Using engineered donor T cells for targeted elimination of autologous host-reactive T-cell subset is an appealing way to selectively and permanently ablate the pathogenic population. Recent evidence highlighted the ability of engineered T cells, originally developed as cancer treatments, to target pathogenic T cells mediating allo-immune complications such as immune rejection and GVHD. For example, we previously reported the development of a 4-1BB–specific ADR (4-1BB.ADR) that, when expressed on human T cells, enabled selective elimination of alloreactive T cells responsible for immune rejection.45 Another group demonstrated that CAR T cells targeting CD83, an antigen mainly expressed on mature dendritic cells and activated lymphocytes, successfully inhibited the progression of xenogeneic GVHD.74 These approaches prove the feasibility of using engineered T cells to prevent or suppress diseases driven by pathogenic T cells. However, targeting 4-1BB or CD83 with engineered T cells in the context of aGVHD may result in a broader ablation of activated T cells and/or myeloid cells, potentially affecting protective immune responses posttransplant. Therefore, we sought to determine whether more selective ablation of pathogenic T cells produced therapeutic benefit without significantly damaging other components of protective immunity.
The pattern of OX40 expression in activated T cells and its limited expression on cell surface of other critical hematopoietic or nonhematopoietic tissues40 makes it a suitable target for adoptive cell therapy. T cells expressing an OX40-specific ADR were easy to manufacture and had limited fratricide, likely due to both the cis-masking of OX40 by the ADR construct (similar to that observed with the 4-1BB.ADR45) and the minimal expression of OX40 on cytotoxic CD8+ T cells. Indeed, OX40.ADR T cells were enriched for CD8+ T cells at the end of expansion, supporting self-selection for a fratricide-resistant population. Reflecting the pattern of OX40 expression, OX40.ADR T cells predominantly target activated CD4+ T cells with limited activity against activated CD8+ T cells and preserved the broad anti-viral activity of VSTs, in line with previous studies42 and clinical evidence that inherited OX40 deficiency did not compromise immunity against most common childhood pathogens including EBV and CMV.75
Apart from GVHD and opportunistic infections, leukemia relapse is another major complication and a leading cause of death after allo-HSCT. CAR T cells have demonstrated potent antitumor activity against hematologic malignancies resistant to conventional treatments and have been used to mitigate posttransplant relapse in clinical trials.76 Several clinical reports showed reduced GVHD from donor-derived CD19.CAR T-cell transplant recipients,77-79 which has been modeled in subsequent mechanistic studies in mice.80 In the posttransplant setting, CAR T-cell administration requires immediate tapering of immunosuppressive GVHD prophylaxis to ensure maximal potency, which may increase the risk of aGVHD. Therefore, arming CAR T cells with OX40.ADR should enable dual protection against donor alloreactivity and host malignancy and thus may serve as posttransplant prophylaxis for GVHD and relapse in a broad patient cohort.

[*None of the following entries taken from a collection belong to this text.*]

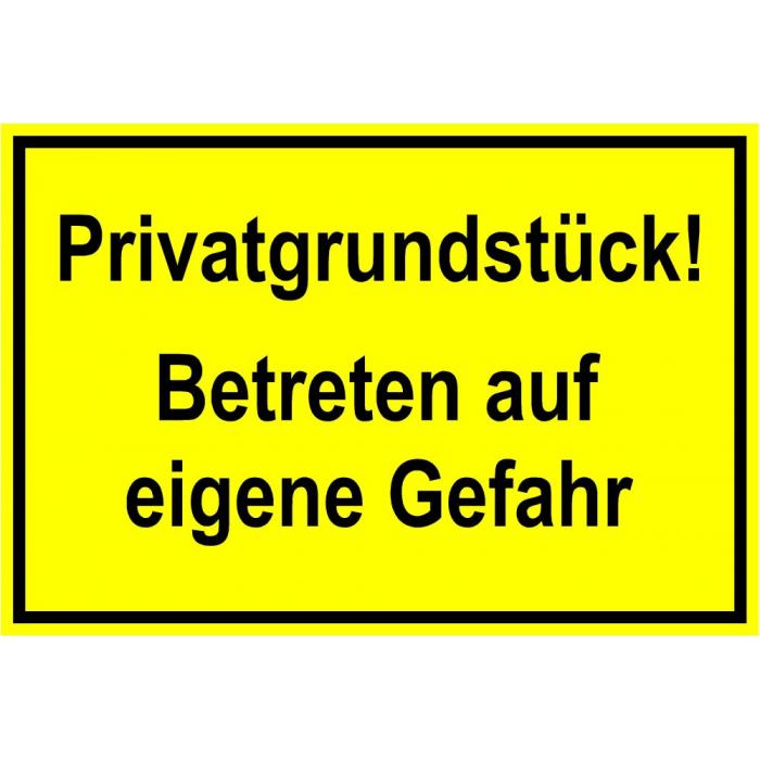 Zufahrts und Zutrittsschild "Privatgrundstück! Betreten auf eigene Gefahr"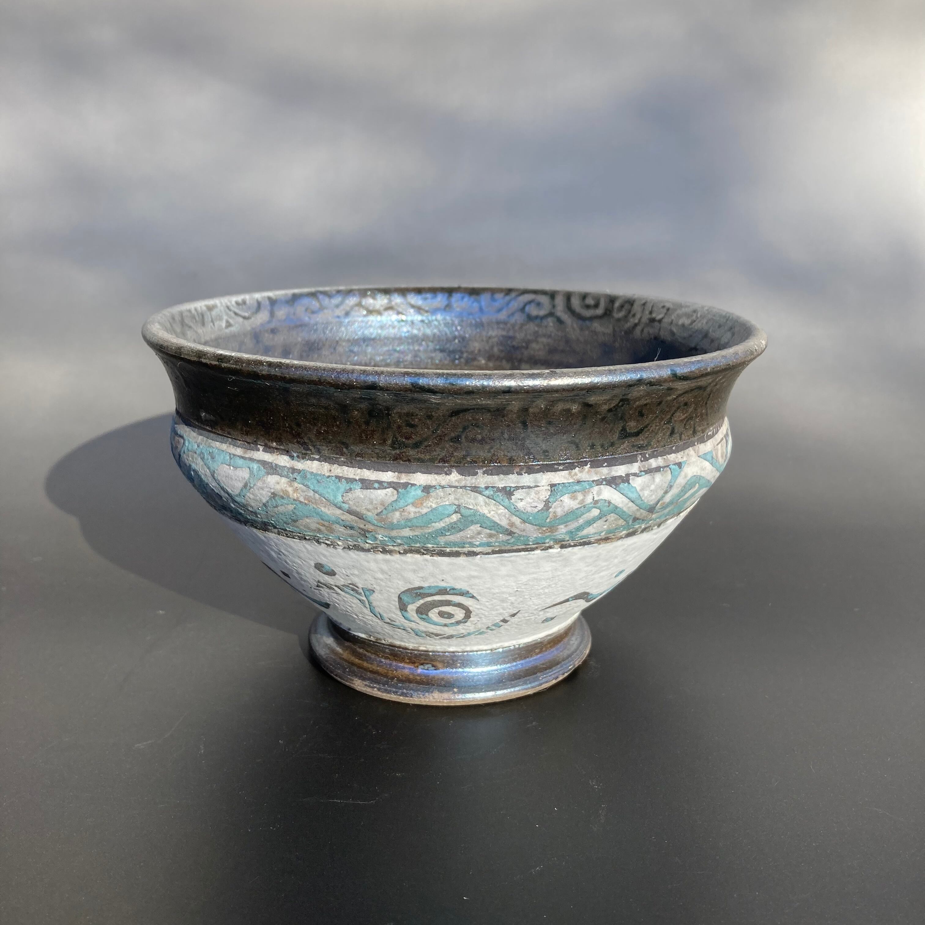 color slipによる彩色は、薪による炭彩が加わり派手でありながら渋さのある遺跡から発掘された彩色土器の風合いを帯びるよう願っています。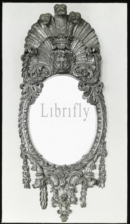 Lantern Slide, Kent Mirror, Victoria & Albert Museum, London, 1909-1930, set, ninety photographic magic lantern slides containing images, artefacts, art works, decorative arts, interiors, furniture, belong, various museum, gallery collections, United Kingdom, slide depicts, mirror designed, William Kent, circa 1740, mirror, part, collection, c 1685-1748

Despite its tightly regulated specificity, OX40.ADR T cells may produce unwanted “on-target, off-alloreactive T cell” cytotoxicity against subsets of activated Tregs that suppress alloreactivity and helper CD4+ T cells involved in clearance of tumor or pathogens. As we observed strong GVHD protection in our animal model, it is possible that concomitant depletion of pathogenic T cells by OX40.ADR T cells would offset potential suppression of Treg function. Furthermore, the effect of OX40+ T-cell depletion on the incidence of chronic GVHD81 warrants additional studies as OX40 expression is increased on T cells in that condition. Although the xenogeneic GVHD mouse model allows the recreation of many aspects of human disease,54,55 additional studies are needed in immunocompetent models, such as NHPs,44,50,51 which may more closely resemble human physiology. Using Tregs themselves as a cellular platform for ADR targeting may help avoid excessive inflammatory responses and compensate for the potential systemic Treg targeting via OX40. Multiple preclinical studies have described the development of CAR-expressing Tregs82 to treat T-cell–driven diseases, such as multiple sclerosis83 and xenogeneic GVHD,84 thus supporting the feasibility of this approach. Aside from potential activity against activated Tregs, OX40.ADR T cells may damage protective antileukemia and antipathogen responses with a helper T cell component, especially in lymphodepleted patients posttransplant.34,85 Several strategies can be used to overcome these limitations. As shown in this study, coexpressing a tumor-specific CAR on OX40.ADR T cells enables a graft-versus-leukemia effect with simultaneous protection against aGVHD. Similarly, these receptors can be expressed on VSTs manufactured from the stem cell donor to achieve triple-pronged activity. Long-term damage can be minimized by limiting the persistence of OX40.ADR-expressing T cells either by configuring CAR/ADR signaling (eg, by modifying costimulation86,87) or by incorporating a suicide switch.88
In conclusion, we showed that a single engineered T-cell product can mitigate both aGVHD and leukemic relapse after allo-HSCT. Depletion of OX40+ activated T cells with OX40.ADR T cells effectively prevents fatal xenogeneic GVHD, and T cells coexpressing OX40.ADR and a CAR provide dual protection against GVHD and leukemia relapse. Our studies support the feasibility of using donor-derived therapeutic T cells to reduce transplant-related mortalities and improve outcomes in patients post allo-HSCT. More broadly, the current study and our previous work using 4-1BB.ADR to prevent immune rejection demonstrate the effectiveness of ADR T cells against different types of pathogenic T cells. Through careful selection of the target molecule, the application of ADR T cells may be further expanded to T-cell–mediated autoimmune diseases such as multiple sclerosis and type 1 diabetes. Furthermore, ADR T cells can be used as a tool to selectively target specific populations of pathogenic T cells to better understand their role in alloimmune or autoimmune disease pathogenesis and inform targeted therapy approaches in T-cell–driven pathologies.
Acknowledgments
The authors thank David Quach, Sandhya Sharma, and Naren Mehta in the Cliona Rooney lab for the K562-CS cell line, LCLs, and instructions on VST generation; Cheng-Yen Chang in the Farrah Kheradmand lab and M. Sayeeduddin, Shahida Salar, and Zahida Sayeeduddin in the Baylor College of Medicine Pathology and Histology Core for tissue processing and H&E staining; and Catherine Gillespie for editing the manuscript.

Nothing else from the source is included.